TASK TO CARRY OUT: Every line of the listing below should come back exactly as written, with no images.
DATA SHOWN Start Marker
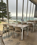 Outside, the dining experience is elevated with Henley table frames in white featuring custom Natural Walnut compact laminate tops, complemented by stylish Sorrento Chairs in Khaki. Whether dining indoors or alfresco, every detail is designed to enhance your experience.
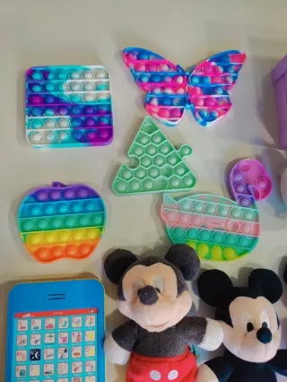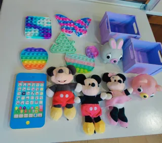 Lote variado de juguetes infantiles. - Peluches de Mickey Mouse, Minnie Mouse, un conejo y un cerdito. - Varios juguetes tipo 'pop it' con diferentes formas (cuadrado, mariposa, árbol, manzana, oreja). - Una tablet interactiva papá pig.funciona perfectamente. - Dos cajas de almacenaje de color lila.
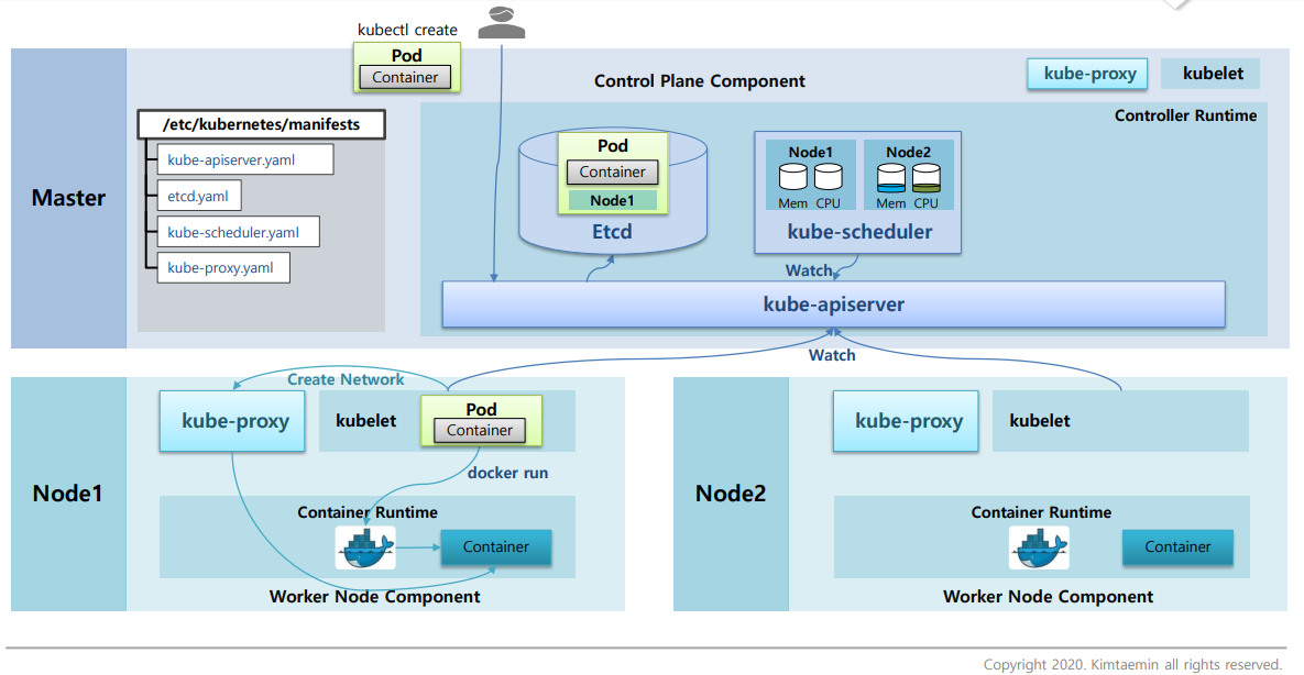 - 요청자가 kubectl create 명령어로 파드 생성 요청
DATA SHOWN End Marker
RESULT OF THIS TASK:
 Outside, the dining experience is elevated with Henley table frames in white featuring custom Natural Walnut compact laminate tops, complemented by stylish Sorrento Chairs in Khaki. Whether dining indoors or alfresco, every detail is designed to enhance your experience.
 Lote variado de juguetes infantiles. - Peluches de Mickey Mouse, Minnie Mouse, un conejo y un cerdito. - Varios juguetes tipo 'pop it' con diferentes formas (cuadrado, mariposa, árbol, manzana, oreja). - Una tablet interactiva papá pig.funciona perfectamente. - Dos cajas de almacenaje de color lila.
 - 요청자가 kubectl create 명령어로 파드 생성 요청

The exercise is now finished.